Relay-Version: version B 2.10 5/3/83; site utzoo.UUCP
Path: utzoo!mnetor!seismo!ut-sally!husc6!endor!reiter
From: reiter@endor.harvard.edu (Ehud Reiter)
Newsgroups: comp.arch,comp.sys.nsc.32k
Subject: Re: "Unoptimizing" Dhrystone
Message-ID: <1706@husc6.UUCP>
Date: Tue, 21-Apr-87 09:52:51 EST
Article-I.D.: husc6.1706
Posted: Tue Apr 21 09:52:51 1987
Date-Received: Wed, 22-Apr-87 02:49:46 EST
References: <4190@nsc.nsc.com> <951@moscom.UUCP> <2577@intelca.UUCP> <999@mips.UUCP> <312@gumby.UUCP>
Sender: news@husc6.UUCP
Reply-To: reiter@harvard.UUCP (Ehud Reiter)
Organization: Aiken Computation Lab Harvard, Cambridge, MA
Lines: 25
Xref: mnetor comp.arch:1028 comp.sys.nsc.32k:98

In article <312@gumby.UUCP> earl@mips.UUCP (Earl Killian) writes:
>At MIPS, we use the following programs for benchmarking and
>architectural study:
>	<list of 10 or so programs>
>All of these have very different statistics.

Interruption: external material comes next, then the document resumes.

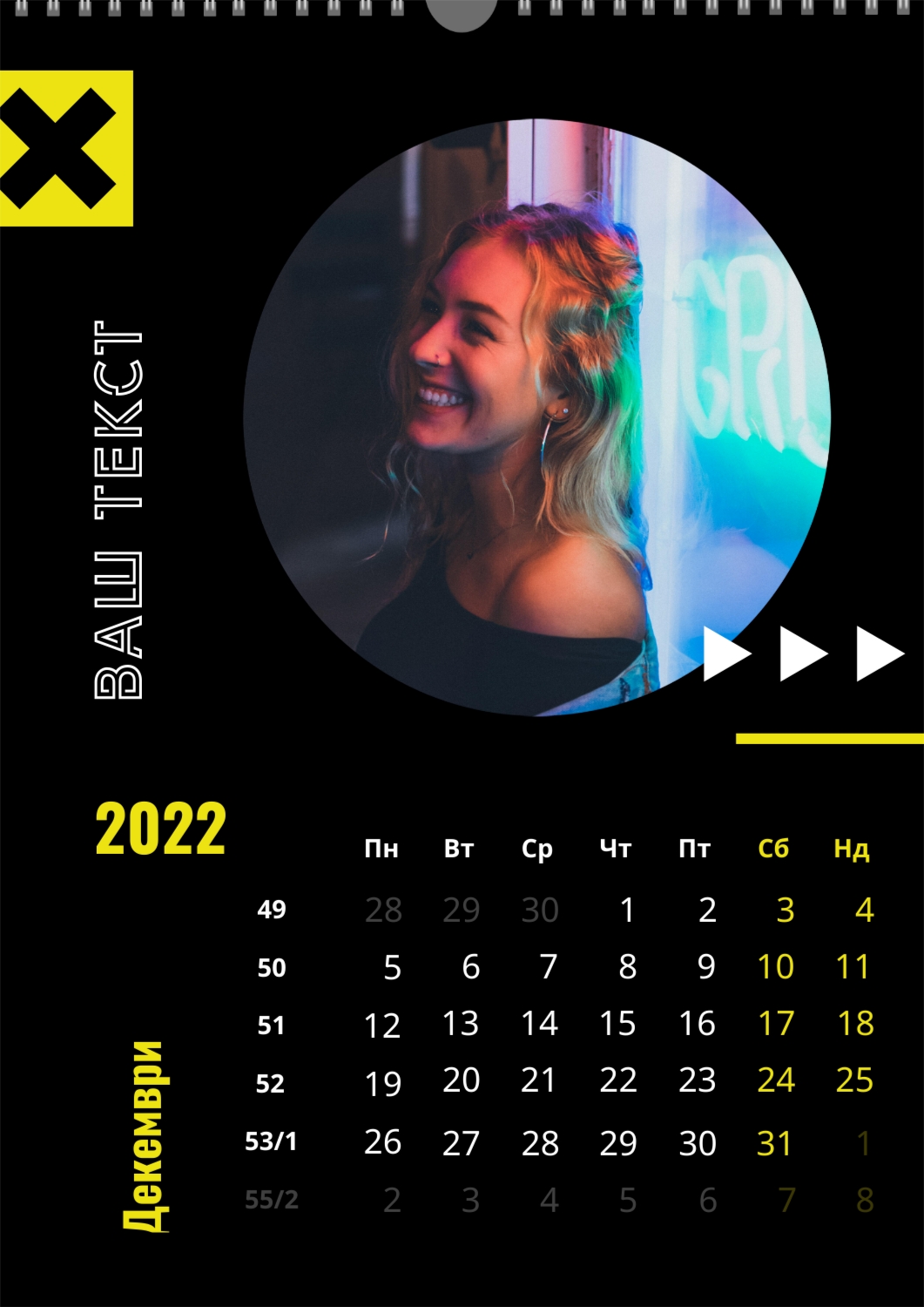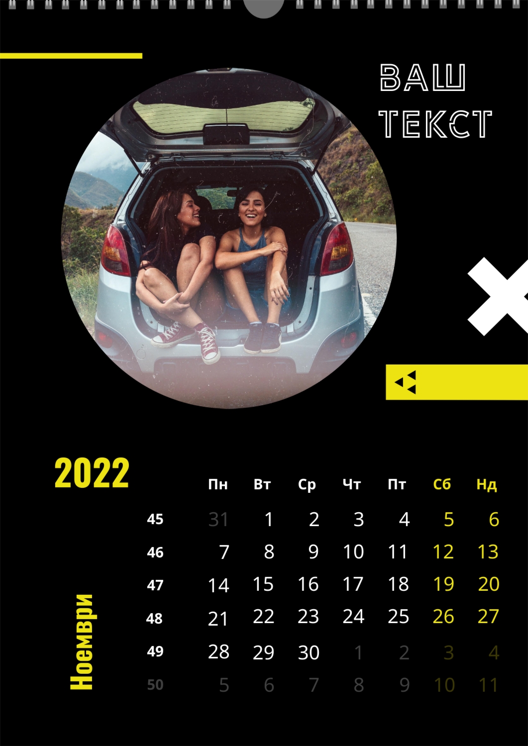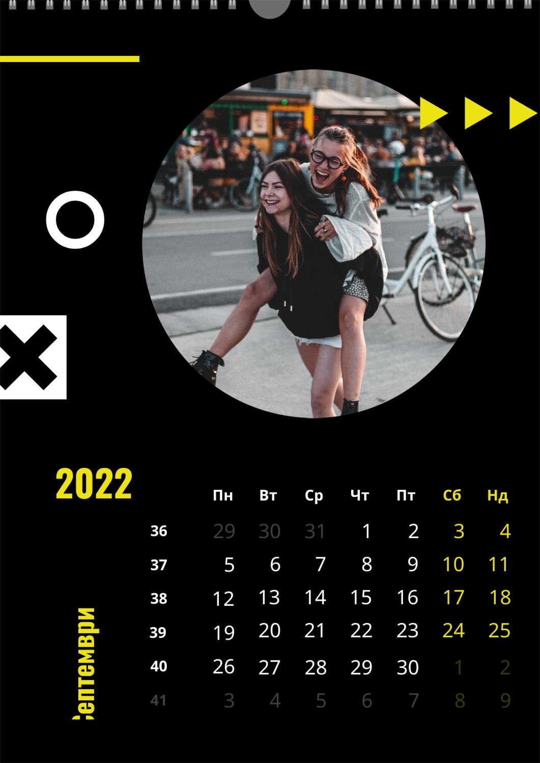Шаблонът" най-добри спомени " за стенен календар в нашия онлайн конструктор предоставя уникална възможност да оживите най-ярките си моменти. Вдъхновен от мили спомени, този шаблон е създаден, за да можете лесно и креативно да проектирате календара си. С внимание към детайлите и лекота на използване, нашият онлайн конструктор ви позволява да персонализирате всеки елемент от този шаблон. Можете да променяте цветове, шрифтове, да добавяте свои снимки и текст, правейки всеки месец уникален. Персонализираният дизайн ще бъде отражение на вашия уникален стил и спомени. Една от характеристиките на конструктора е възможността да добавяте допълнителни блокове за бележки, така че да можете да запазвате важни точки, планове и цели за всеки месец. Това прави календара не само стилен, но и функционален инструмент за вашата организация. Създаването на вашия уникален вертикален стенен календар с помощта на шаблона "най-добри спомени" в нашия онлайн конструктор е възможност не само да запазите ценни моменти, но и да изразите своята индивидуалност чрез творческия процес на проектиране. Празнувайте всеки ден, вдъхвайки живот на спомените си и създайте календар, който ще ви радва през цялата година.

On the subject of benchmarks, I've noticed that many people who do use
multiple programs for benchmarking tend to average the results together.
Even MIPS, whose Performance Brief is the best of its kind that I've seen,
does this to some degree (e.g. their "UNIX Total", in comparing an M/500
to a VAX-11/780, averages together relative performance figures ranging
from 4.7 to 6.7 into an average figure of 5.6).  Since averaging can be
a statistically dubious process (especially if the programs being averaged
are not weighted by some kind of "freqency of use" parameter), perhaps it
would be better to report the full range instead of an average (so, in the
above example, the M/500 would be rated as 4.7-6.7, not 5.6).  Reporting the
range would also have the advantage of giving people an idea of the variances
involved.

So, if the community does shift to using multiple programs for benchmarking
(which I strongly approve of), we should consider reporting "relative
performance" not as a single average number, but rather as a range.

					Ehud Reiter
					reiter@harvard	(ARPA,BITNET,UUCP)